The United Nations released its annual progress report on the Millennium Development Goals yesterday. The goals are targets set by a U.N. resolution in 2000 for improving global health and welfare by 2015. In the foreword to this year’s report, Secretary-General Ban Ki-moon wrote that the results so far “represent a tremendous reduction in human suffering.”
They also represent continuing frustration on the hunger front. The number of hungry people – about 850 million – is roughly the same as it was in 1990. That’s down from 1 in 5 human beings to 1 in 7, but as the report admits, “progress in relieving food deprivation has slowed or stalled in many regions.” It looks highly unlikely that the world will reach the target of halving the proportion of undernourished people in the next three years.
Here’s the good news:
- The poverty reduction target already has been met – the goal was to cut the 1990 rate in half.
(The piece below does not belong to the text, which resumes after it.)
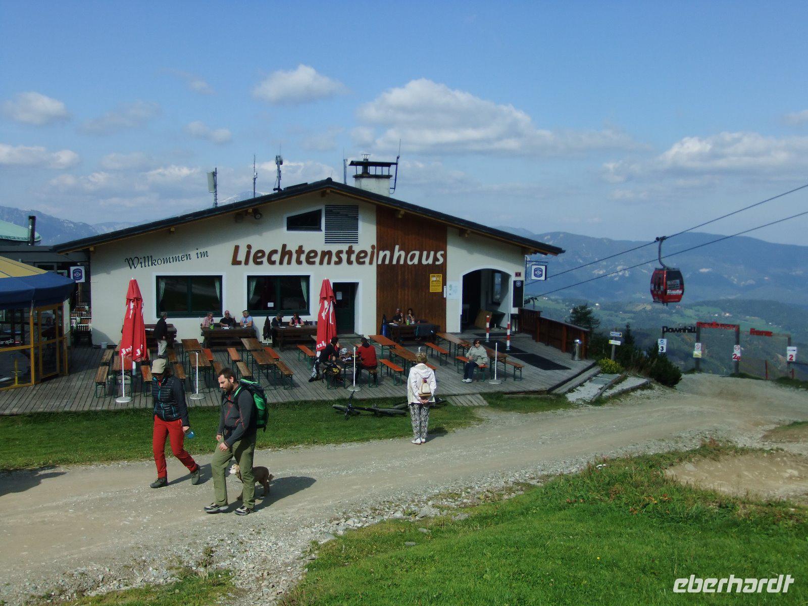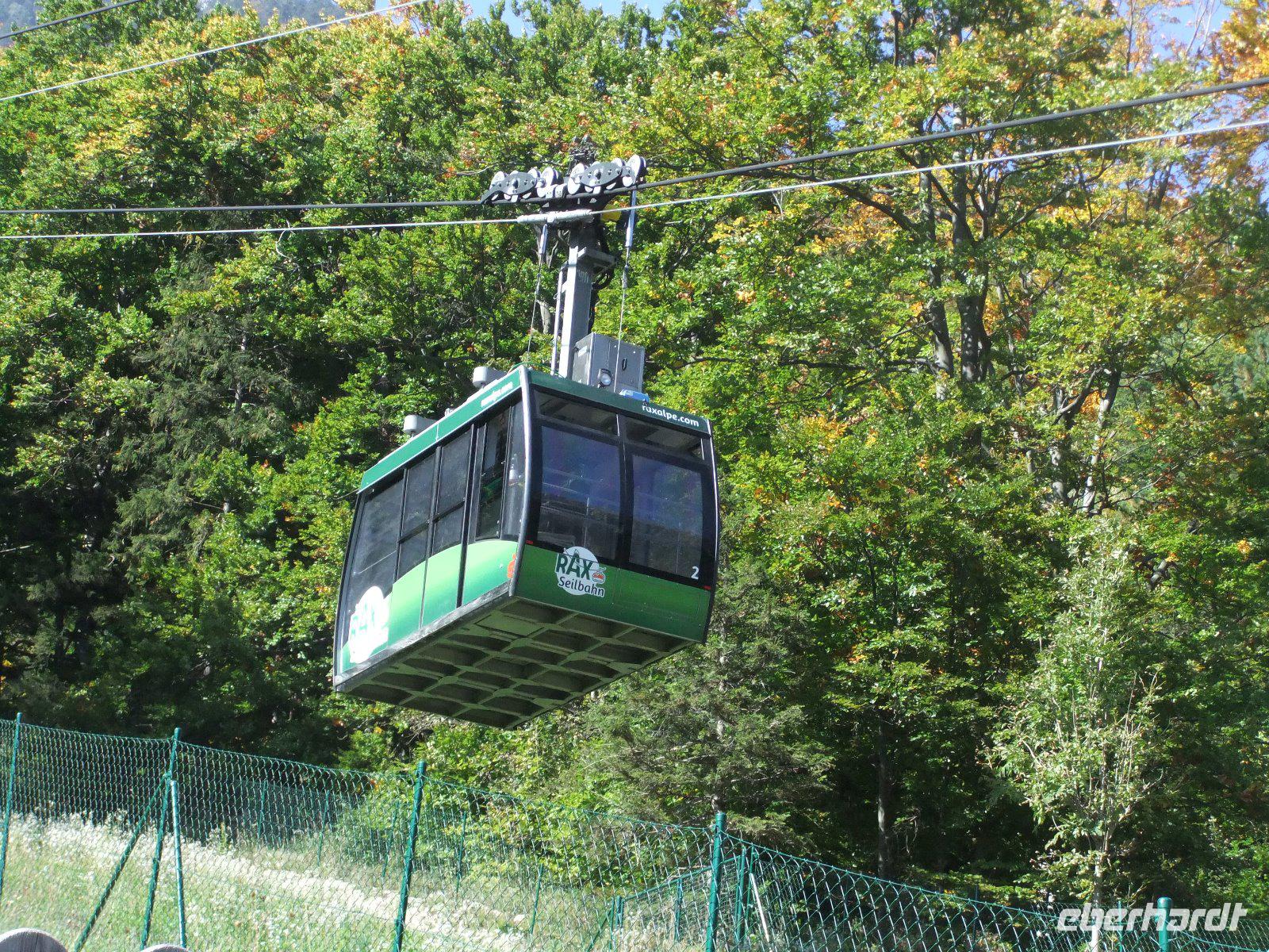 Nun wollen wir mit der Seilbahn noch auf die Raxalpe. Dafür brauchen wir acht Minuten, legen dabei 2160 Meter zurück, wobei die größte Entfernung zwischen Gondel und Boden 60 Meter beträgt. In 1546 m Höhe machen die meisten Gäste erst einmal Mittagspause auf der Terrasse des Berggasthofes. Wir lassen uns feurige Gulaschsuppe oder Raxalptoast schmecken. Einige wandern währenddessen zum Otto-Haus, andere nehmen einfach nur ein Sonnenbad oder genießen die herrliche Aussicht. Nach reichlich zwei Stunden geht es wieder hinunter zum Bus.

- The target of halving the proportion of people without access to clean water also has been met.
- Extreme poverty is falling in every region.
- Girls are now as likely to be enrolled in primary school as boys.
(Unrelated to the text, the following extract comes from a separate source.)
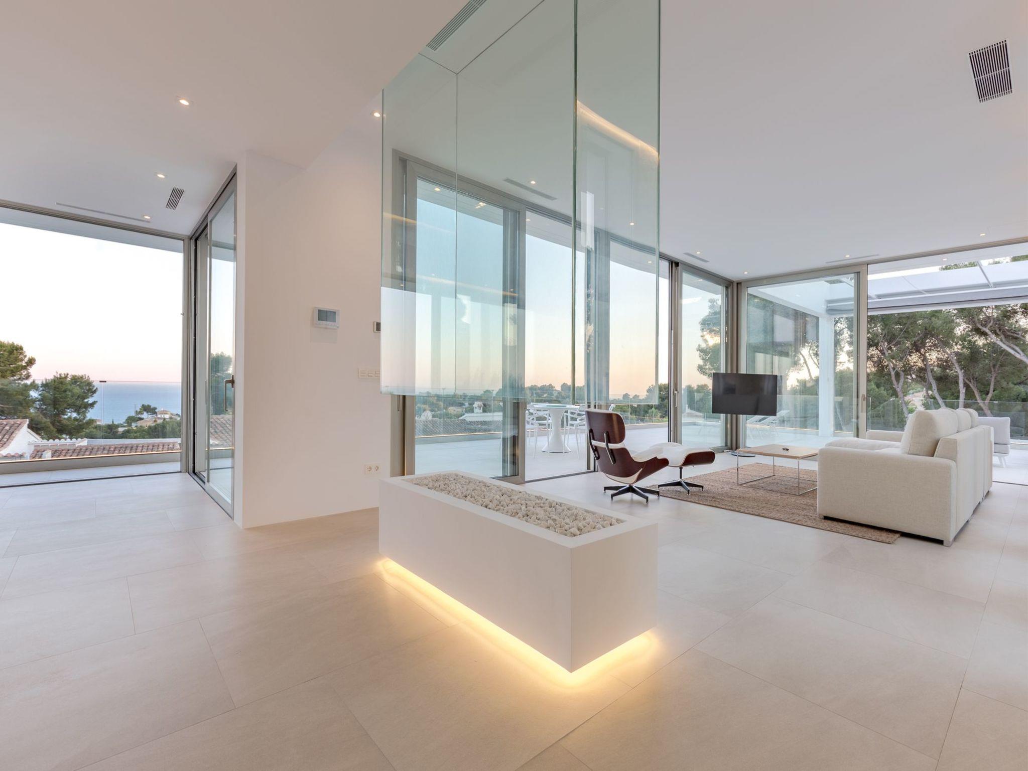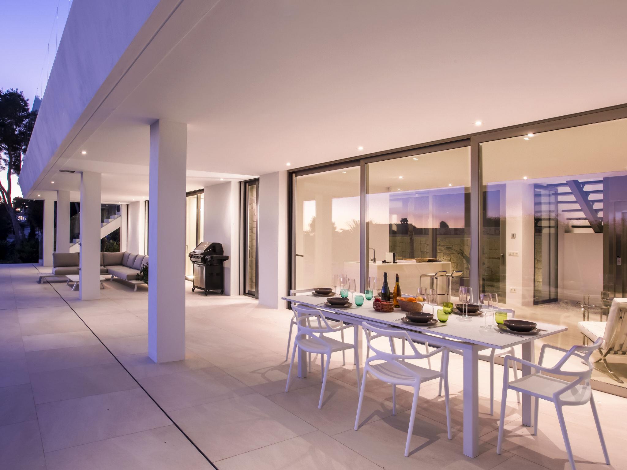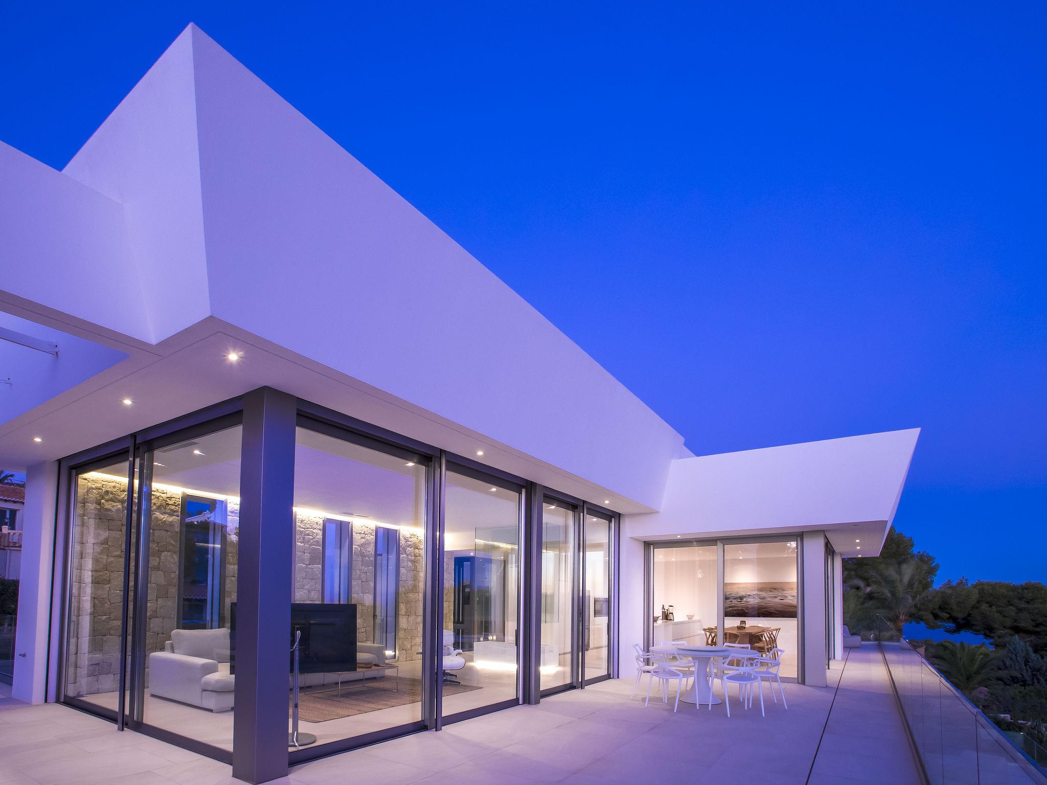 Very large, very modern, very luxurious villa "Halcon al Mar", 2 storeys, built in 2021. In the resort Jávea - Balcón al Mar, in a quiet, sunny position, 1 km from the sea, 3.5 km from the beach. Private: property with lawn and trees, beautiful garden to relax, swimming pool angular, heated (12 x 4 m, depth 100 - 200 cm, seasonal availability: 01.Jan. - 31.Dec.) with internal staircase. Outdoor shower, patio (190 m2), garden furniture, barbecue. In the house: lift, central heating system, air conditioning. Parking on the premises, single garage. E-charging station. Supermarket 600 m, restaurant 400 m, bus stop "Toscamar" 4.3 km, sandy beach "El Arenal" 6 km, shingle beach "Cala Granadella" 4.8 km, rocky beach "Cala Portitxol - La Barraca" 3.5 km. Sports harbour 6 km, golf course (9 hole) 10 km, surf school 3.5 km, sailing school 3.5 km, tennis 600 m. The owner does not accept any youth groups.

- The proportion of the world’s city dwellers living in slums has dropped (but the overall number of slum dwellers has risen).
- People with HIV or AIDS have significantly improved access to treatment.
- The rates of tuberculosis and malaria have dropped.
The not-so-good news is in employment, maternal mortality, more access to clean drinking water and, of course, progress on hunger.
The report notes that hunger hasn’t fallen nearly as fast as poverty rates, a fact that “calls for improved understanding of the dimensions and causes of hunger.” It seems high food and fuel prices, a lack of access to healthy food, and other factors are as important as a simple lack of money.